Affinity Photo includes an awesome "Blend Ranges" feature that I use to accomplish this task. It takes a little practice, but this tool is more flexible than Photoshop's "Blend If" sliders (because it supports customizable and non-linear luminosity feathering), and more efficient than Luminosity masks (smaller file size).
However, the process of actually setting up multiple exposures as layers ready to be blended in Affinity Photo is currently pretty manual and tedious. You have to open one or more of your files, and then drag the others in to create additional layers, or create a new stack and then cancel the stack to unstack the layers. I do this frequently enough that it's irritating that this isn't more efficient.
Since switching to Affinity, I really miss the streamlined workflow from Adobe Lightroom, where I can select multiple images and choose "Open As Layers In Photoshop," which takes care of all of the setup for blending multiple exposures, with the added bonus of also not creating multiple intermediate PSD or TIFF files.

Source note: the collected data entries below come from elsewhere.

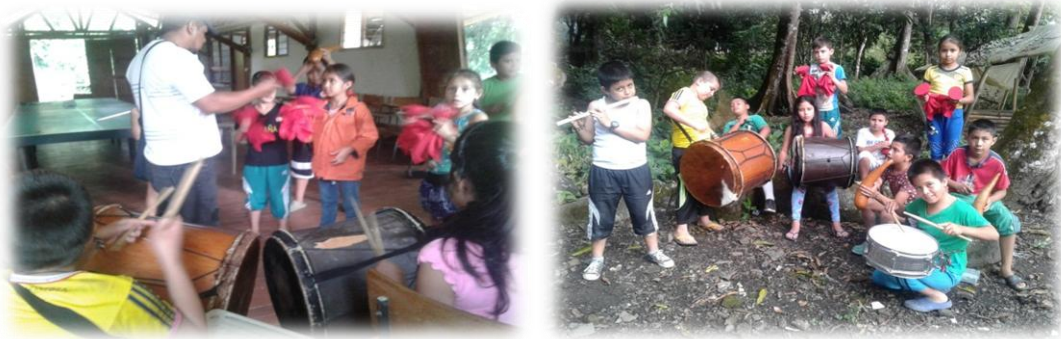
Foto No 27 y 28. En clase con el grupo de chirimía de la escuela de Lerma.

Específicamente lo que hice fue empezar con la recuperación de la música tradicional de chirimía que estaba desapareciendo de nuestro corregimiento a causa de la pérdida de la plaza docente de música.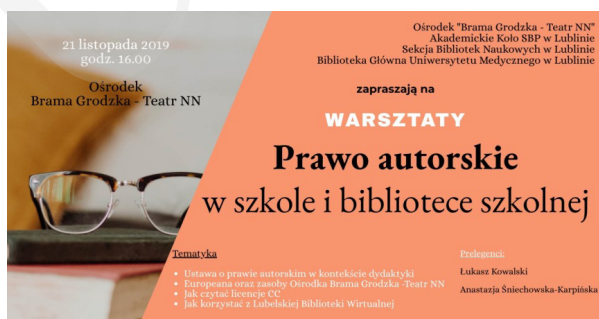
Fot. 5. Zaproszenie na warsztaty „Prawo autorskie”.

6. „Prawo autorskie w szkole i bibliotece szkolnej” – warsztaty odbyły się 21 listopada 2019 r. w godz. 16.00–18.00. Organizatorami byli: Teatr NN Ośrodek Brama Grodzka, Akademickie Koło SBP w Lublinie, Sekcja Bibliotek Naukowych SBP Oddział Lublin, Biblioteka Główna Uniwersytetu Medycznego w Lublinie. Warsztaty zgromadziły 37 uczestników (fot. 5).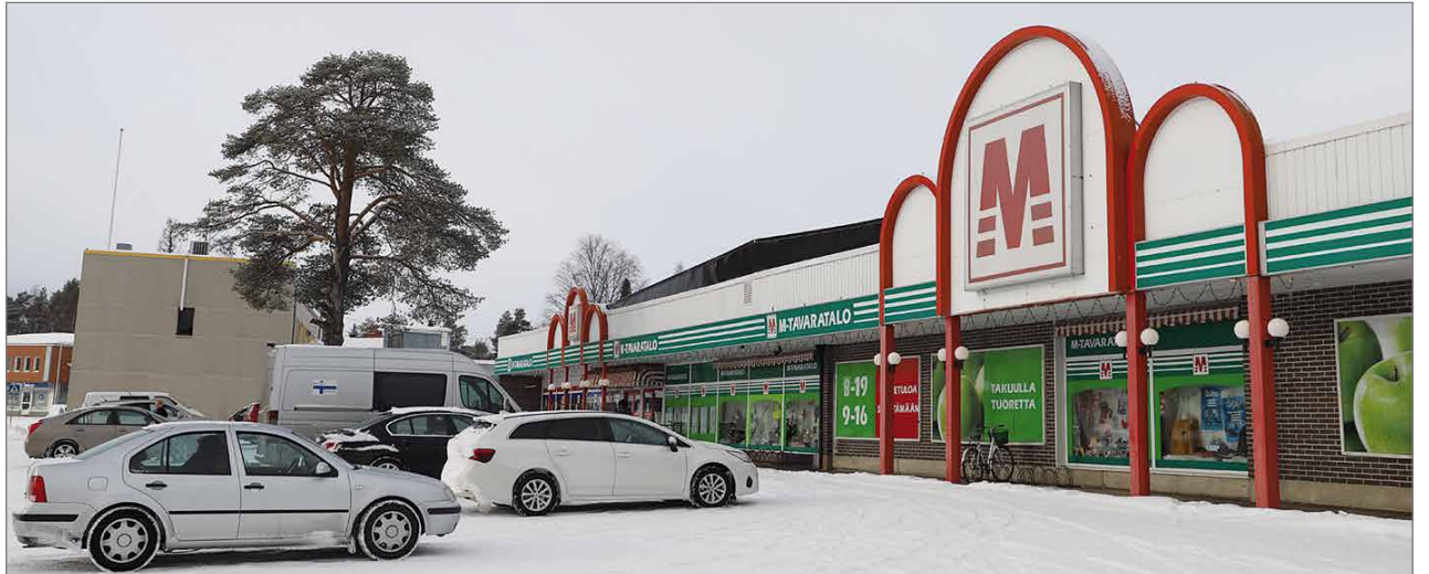
Hiihtolomalaisetkin löytävät M-Tavaratalon runsaasta valikoimasta tarvitsemansa tuotteet.

Hän uskoo liikkeen valoisaan tulevaisuuteen ja lupaa valikoimien jatkossakin säilyvän monipuolisina periaatteella "kaikki tarvittava löytyy saman katon alta". MTR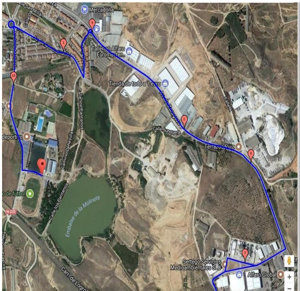
Figura 5. Primera parte recorrido ciclista.

DESCRIPCIÓN: Se saldrá desde los área de transición por la Avda. La Molineta. Al llegar a la primera rotonda giramos a la derecha por Avenida de la Constitución. Luego vamos por c/ Junquera hasta la rotonda de Mercadona. Subimos por Avda. Zaragoza hasta llegar al Bar Punto de Encuentro y giramos a la derecha por la c/ Polígono Tambarría. Desde allí seguimos hasta el POLÍGONO DE LA SENDA , donde daremos una vuelta y después recorreremos el camino inverso hasta volver a la zona de área de transición. Este circuito hay que hacerlo 2 veces.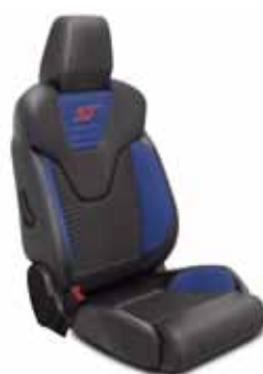
מושבי עור חלקי Protection on Lux עם חיפוי מושב Charcoal Black (שחור) וכריות צד Lux בצבע Performance Blue (כחול)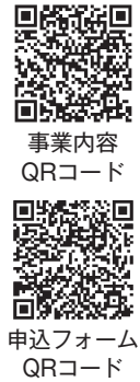
事業内容 QRコード 申込フォーム QRコード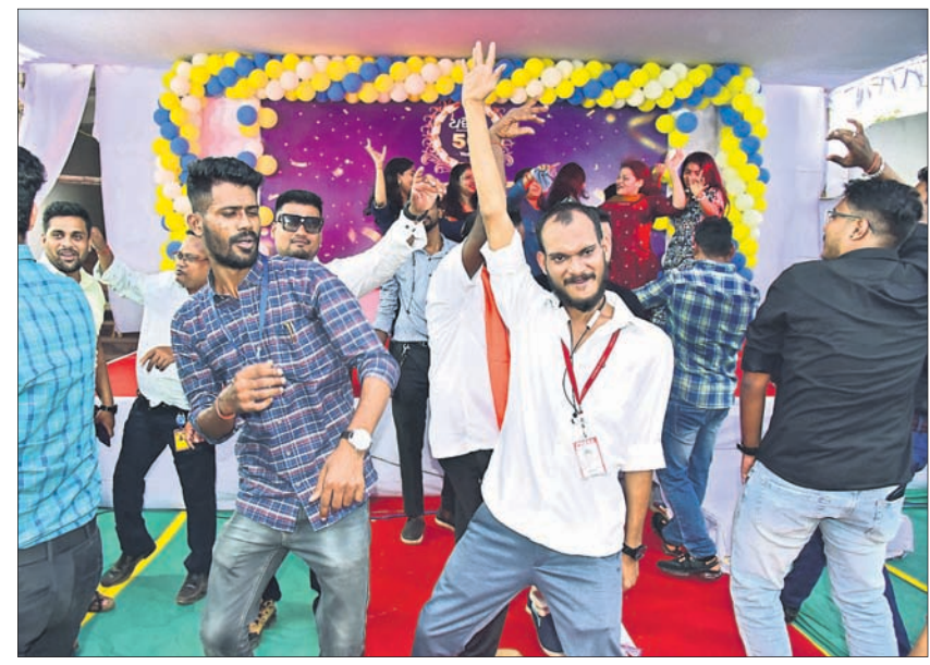
ନାଟଗୀତରେ ମସ୍ତୁରୁ ଧରିତ୍ରୀ ପରିବାର ସଦସ୍ୟ।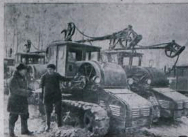
Украинская ССР. Работники Харьковского тракторного завода имени Орджоникидзе, расширяя социалистическое соревнование в честь 300-летия воссоединения Украины с Россией, обильно подготовили опытную партию электротракторов «ХТЗ-12». На снимке: партия электротракторов «ХТЗ-12», подготовленная к отгрузке в Корею—Шенгенскую МТС.

Освоение 13 миллионов гектаров целинных и залежных земель является началом больших общегосударственных работ по вовлечению обширных массивов не используемых земель для увеличения производства зерна и других сельскохозяйственных продуктов. На решение важной общенародной задачи широко поднялись трудящиеся, и в первую очередь молодежь, всех областей и республик Советского Союза. Все это убедительно свидетельствует о том, что советские люди горячо поддерживают мероприятия партии и правительства по дальнейшему подъему сельского хозяйства.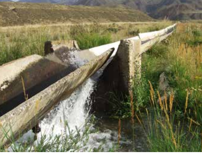
Sovjet-irrigatie is aan vernieuwing toe. www.cawa-project.net

overwicht van de nomadische ruitervolken eindigde pas toen de dorpsbewoners de beschikking over vuurwapens kregen. Intussen breidde het Russische Rijk zijn invloed uit en tegen het einde van de 19de eeuw was Centraal-Azië in Russische handen. De inmenging was eerst minimaal. Inheemse cultuur, levensstijl en bestuursstructuren werden ongemoeid gelaten. Maar na de Russische Revolutie werden de Centraal-Aziatische gebieden tot onderdeel van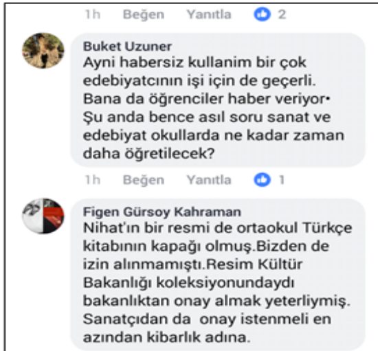
Görsel 8: Screenshot, Gürbüz Doğan Ekşioğlu, Facebook, Erişim: 26 – 12 – 2017.

Yazar Buket Uzuner, “Aynı habersiz kullanım birçok edebiyatçının işi için de geçerli. Bana da öğrenciler haber veriyor” ifadesiyle kendisinin eserlerinin de izinsiz ve telifsiz kullanıldığını söylemiştir (Resim 8.)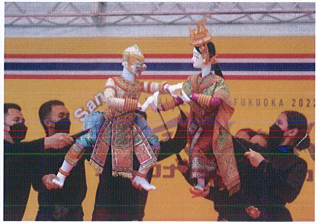
รูปที่ ๒ (ซ้าย) การแสดงดนตรีไทยร่วมสมัยจากคณะนักแสดงกรมศิลปากร และ (ขวา) การแสดงหุ่นละครเล็ก จากคณะนักแสดงนาฏยศาลาหุ่นละครเล็ก (โจหลุยส์)

การจัดงานเทศกาลไทย ณ เมืองฟูกูโอกะ ประจำปี ๒๕๖๕ ระหว่างวันที่ ๒๖ - ๒๘ สิงหาคม ๒๕๖๕ ในครั้งนี้ นับว่าเป็นโอกาสอันดีในการเผยแพร่และประชาสัมพันธ์ประเทศไทยสู่สายตาชาวต่างชาติ รวมถึงเป็นการผลักดัน “Soft Power” ความเป็นไทย เพื่อเพิ่มมูลค่าเศรษฐกิจ สร้างรายได้และภาพลักษณ์ที่ดีให้แก่ประเทศ โดยเฉพาะ อุตสาหกรรมวัฒนธรรมสร้างสรรค์ที่มีศักยภาพ 5F ได้แก่ อาหาร (Food) ภาพยนตร์และวีดิทัศน์ (Film) ผ้าไทยและการออกแบบแฟชั่น (Fashion) มวยไทย (Fighting) และเทศกาลประเพณี (Festival) สู่ระดับโลก โดยตลอดระยะเวลา ๓ วัน ของการจัดงานเทศกาลไทยฯ มีการตอบรับที่ดีจากผู้ร่วมงานทั้งชาวไทยและชาวต่างชาติรวมกว่า ๑๒,๐๐๐ คน โดยเฉพาะ การแสดงทางวัฒนธรรมไทยจากกระทรวงวัฒนธรรมซึ่งได้สร้างคุณค่าและบรรยากาศความเป็นไทย อันจะเป็นการส่งเสริม ภาพลักษณ์ที่ดีของประเทศในอนาคตต่อไป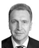
ИГОРЬ ШУВАЛОВ , первый заместитель председателя Правительства РФ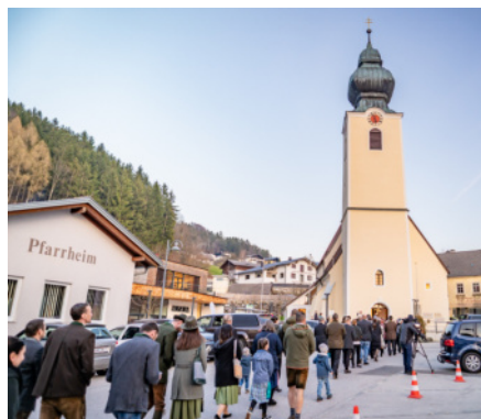
Wallfahrt der Mostbarone von der Schnalle zur Pfarrkirche, in der eine Dankmesse gefeiert wurde.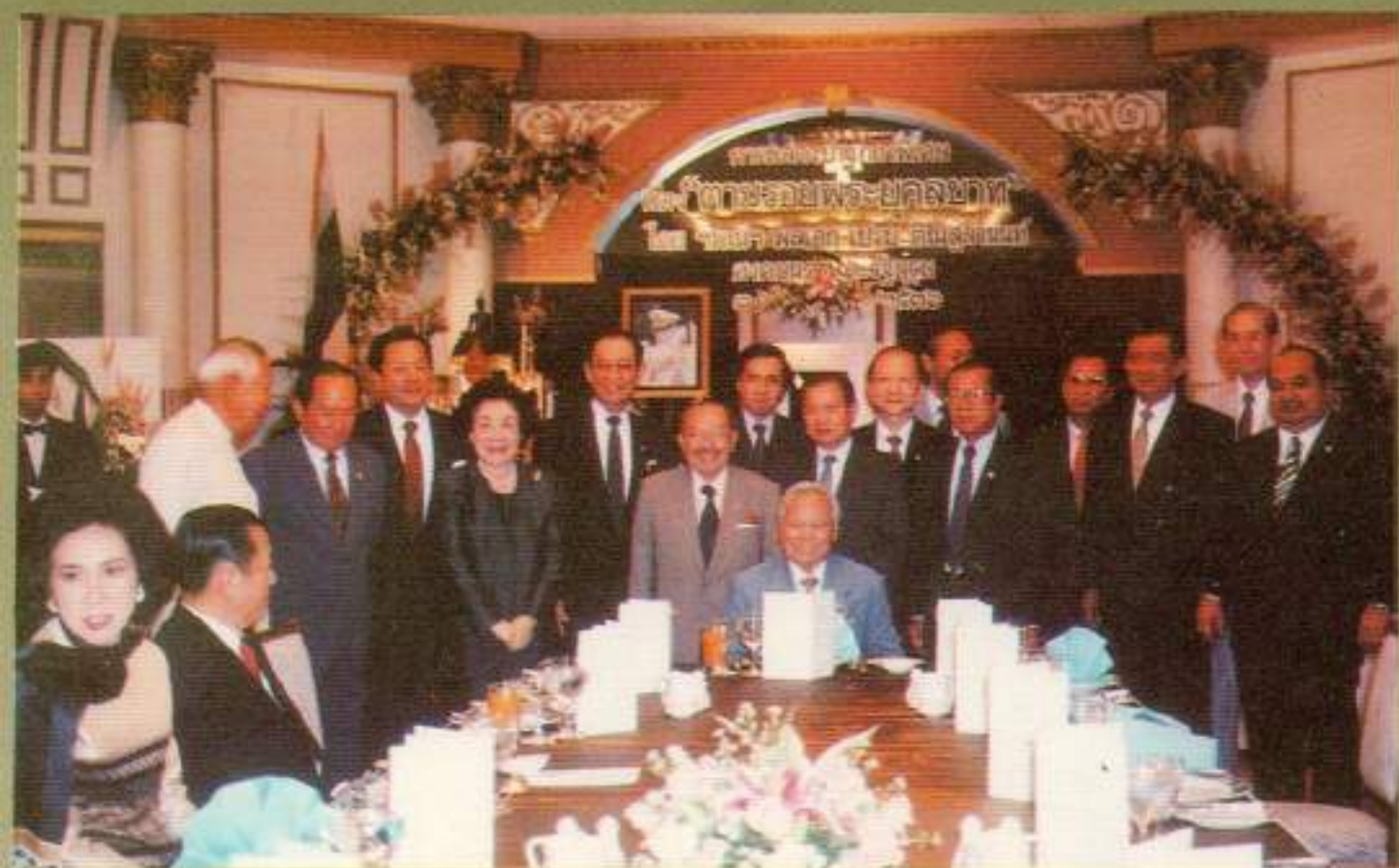
ฯพณฯ พลเอกเปรม ติณสูลานนท์ ประธานกรรมการกิตติมศักดิ์ พร้อมด้วย คณะกรรมการอำนวยการมูลนิธิ รัฐบุรุษ พลเอกเปรม ติณสูลานนท์

Now, obviously Adobe has no incentive to support an "Open As Layers in Affinity Photo" option for Lightroom out of the box, but perhaps an enterprising developer could write such a plugin for Lightroom if only Affinity Photo would actually support the ability to open multiple files / data streams from a RAW processor as layers in a new file...
In my dream workflow, it would be really neat if Affinity Photo integrated directly with Phase One's Capture One PRO, for a similar workflow to how Lightroom integrates with Photoshop. Perhaps Phase One would be receptive to such a collaboration...
I suppose the gist of my feature request is that Affinity Photo is a fantastic program, but sorely lacking in some workflow/efficiency areas that matter quite a lot for people working with lots of images. Adobe, for all their faults, seem to have figured this out, and their ecosystem of products that work together is a great strength of their offering. In the absence of a similarly large suite of complementary apps, Affinity would do well to offer some basic hooks into Affinity Photo that developers can use to create a better round-trip experience when users are working with multiple apps in concert to catalogue and edit their photos.